Date: Wed, 19 Dec 2007 09:44:50 -0800 (PST)
From: Linus Torvalds <torvalds@linux-foundation.org>
To: Krzysztof Oledzki <olel@ans.pl>
cc: Andrew Morton <akpm@linux-foundation.org>,
       Linux Kernel Mailing List <linux-kernel@vger.kernel.org>,
       Nick Piggin <nickpiggin@yahoo.com.au>,
       Peter Zijlstra <peterz@infradead.org>,
       Thomas Osterried <osterried@jesse.de>, protasnb@gmail.com,
       bugme-daemon@bugzilla.kernel.org, Thomas Osterried <osterried@jesse.de>
Subject: Re: [Bug 9182] Critical memory leak (dirty pages)
In-Reply-To: <Pine.LNX.4.64.0712161440030.25065@bizon.gios.gov.pl>
Message-ID: <alpine.LFD.0.9999.0712190903350.21557@woody.linux-foundation.org>
References: <20071215221935.306A5108068@picon.linux-foundation.org> <Pine.LNX.4.64.0712152358240.14491@bizon.gios.gov.pl> <20071215203539.d6f71e96.akpm@linux-foundation.org> <Pine.LNX.4.64.0712161016290.25065@bizon.gios.gov.pl> <20071216015112.d0ab08a1.akpm@linux-foundation.org>
 <Pine.LNX.4.64.0712161440030.25065@bizon.gios.gov.pl>
MIME-Version: 1.0
Content-Type: TEXT/PLAIN; charset=US-ASCII
Sender: linux-kernel-owner@vger.kernel.org
Content-Length: 5812
Lines: 140


On Sun, 16 Dec 2007, Krzysztof Oledzki wrote:
> 
> I'll confirm this tomorrow but it seems that even switching to data=ordered
> (AFAIK default o ext3) is indeed enough to cure this problem.

Ok, do we actually have any ext3 expert following this? I have no idea 
about what the journalling code does, but I have painful memories of ext3 
doing really odd buffer-head-based IO and totally bypassing all the normal 
page dirty logic.

Judging by the symptoms (sorry for not following this well, it came up 
while I was mostly away travelling), something probably *does* clear the 
dirty bit on the pages, but the dirty *accounting* is not done properly, 
so the kernel keeps thinking it has dirty pages.

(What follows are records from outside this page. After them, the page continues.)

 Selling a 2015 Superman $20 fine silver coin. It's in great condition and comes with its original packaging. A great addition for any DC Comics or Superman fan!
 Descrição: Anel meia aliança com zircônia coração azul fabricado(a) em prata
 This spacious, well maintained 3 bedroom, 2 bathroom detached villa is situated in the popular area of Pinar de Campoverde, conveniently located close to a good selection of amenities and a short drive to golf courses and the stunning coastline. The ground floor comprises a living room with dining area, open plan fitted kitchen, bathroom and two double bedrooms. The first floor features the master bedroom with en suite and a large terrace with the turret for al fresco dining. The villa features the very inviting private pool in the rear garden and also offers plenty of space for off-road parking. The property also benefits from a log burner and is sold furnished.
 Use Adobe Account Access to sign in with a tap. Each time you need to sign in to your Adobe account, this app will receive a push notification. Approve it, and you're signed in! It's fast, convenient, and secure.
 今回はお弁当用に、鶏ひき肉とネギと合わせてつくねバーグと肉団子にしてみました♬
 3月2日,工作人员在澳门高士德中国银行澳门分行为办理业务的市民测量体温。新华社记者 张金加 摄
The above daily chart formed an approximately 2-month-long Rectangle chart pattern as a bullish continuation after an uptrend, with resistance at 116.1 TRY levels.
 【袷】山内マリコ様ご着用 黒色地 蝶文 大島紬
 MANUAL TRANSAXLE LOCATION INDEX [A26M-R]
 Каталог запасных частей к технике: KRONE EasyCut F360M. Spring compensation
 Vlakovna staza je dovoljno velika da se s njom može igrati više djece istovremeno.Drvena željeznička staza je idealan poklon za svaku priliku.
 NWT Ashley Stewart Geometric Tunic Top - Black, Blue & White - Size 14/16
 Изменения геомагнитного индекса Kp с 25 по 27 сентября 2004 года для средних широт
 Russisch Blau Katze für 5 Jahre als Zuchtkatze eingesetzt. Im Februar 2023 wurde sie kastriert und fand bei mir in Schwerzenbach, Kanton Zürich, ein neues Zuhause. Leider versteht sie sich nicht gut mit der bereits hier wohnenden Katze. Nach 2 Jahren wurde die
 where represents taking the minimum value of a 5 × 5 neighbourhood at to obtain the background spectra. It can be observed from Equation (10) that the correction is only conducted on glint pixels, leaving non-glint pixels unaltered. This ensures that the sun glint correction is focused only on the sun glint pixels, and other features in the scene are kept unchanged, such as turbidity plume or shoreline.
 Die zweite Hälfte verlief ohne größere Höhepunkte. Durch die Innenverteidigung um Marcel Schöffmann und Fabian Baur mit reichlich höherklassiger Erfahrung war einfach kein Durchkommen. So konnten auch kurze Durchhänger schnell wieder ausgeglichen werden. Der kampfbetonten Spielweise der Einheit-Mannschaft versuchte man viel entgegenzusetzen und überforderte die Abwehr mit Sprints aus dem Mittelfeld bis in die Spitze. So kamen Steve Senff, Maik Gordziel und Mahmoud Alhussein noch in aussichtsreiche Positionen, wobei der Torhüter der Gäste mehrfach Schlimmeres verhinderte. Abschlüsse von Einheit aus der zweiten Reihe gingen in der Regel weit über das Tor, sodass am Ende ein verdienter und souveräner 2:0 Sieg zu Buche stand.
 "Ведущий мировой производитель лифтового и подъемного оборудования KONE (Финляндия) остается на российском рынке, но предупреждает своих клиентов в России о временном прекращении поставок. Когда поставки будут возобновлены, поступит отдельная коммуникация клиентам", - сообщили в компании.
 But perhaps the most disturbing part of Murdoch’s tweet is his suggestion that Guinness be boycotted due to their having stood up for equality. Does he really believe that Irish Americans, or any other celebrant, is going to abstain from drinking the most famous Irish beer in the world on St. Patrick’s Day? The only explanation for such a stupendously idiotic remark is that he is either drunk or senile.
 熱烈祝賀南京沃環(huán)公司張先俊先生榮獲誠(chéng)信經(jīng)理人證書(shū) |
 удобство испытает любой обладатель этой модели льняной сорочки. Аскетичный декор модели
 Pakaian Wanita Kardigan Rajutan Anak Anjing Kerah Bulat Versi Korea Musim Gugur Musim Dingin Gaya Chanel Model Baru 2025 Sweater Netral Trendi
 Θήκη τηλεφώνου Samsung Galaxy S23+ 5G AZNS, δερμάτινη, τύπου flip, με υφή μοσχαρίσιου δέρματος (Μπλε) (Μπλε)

Now, a simple "grep" shows that ext3 does not actually do any 
ClearPageDirty() or similar on its own, although maybe I missed some other 
subtle way this can happen. And the *normal* VFS routines that do 
ClearPageDirty should all be doing the proper accounting.

So I see a couple of possible cases:

 - actually clearing the PG_dirty bit somehow, without doing the 
   accounting.

   This looks very unlikely. PG_dirty is always cleared by some variant of 
   "*ClearPageDirty()", and that bit definition isn't used for anything 
   else in the whole kernel judging by "grep" (the page allocator tests 
   the bit, that's it).

   And there aren't that many hits for ClearPageDirty, and they all seem 
   to do the proper "dec_zone_page_state(page, NR_FILE_DIRTY);" etc if the 
   mapping has dirty state accounting.

   The exceptions seem to be:
    - the page freeing path, but that path checks that "mapping" is NULL 
      (so no accounting), and would complain loudly if it wasn't
    - the swap state stuff ("move_from_swap_cache()"), but that should 
      only ever trigger for swap cache pages (we have a BUG_ON() in that 
      path), and those don't do dirty accounting anyway.
    - pageout(), but again only for pages that have a NULL mapping.

 - ext3 might be clearing (probably indirectly) the "page->mapping" thing 
   or similar, which in turn will make the VFS think that even a dirty 
   page isn't actually to be accounted for - so when the page *turned* 
   dirty, it was accounted as a dirty page, but then, when it was cleaned, 
   the accounting wasn't reversed because ->mapping had become NULL.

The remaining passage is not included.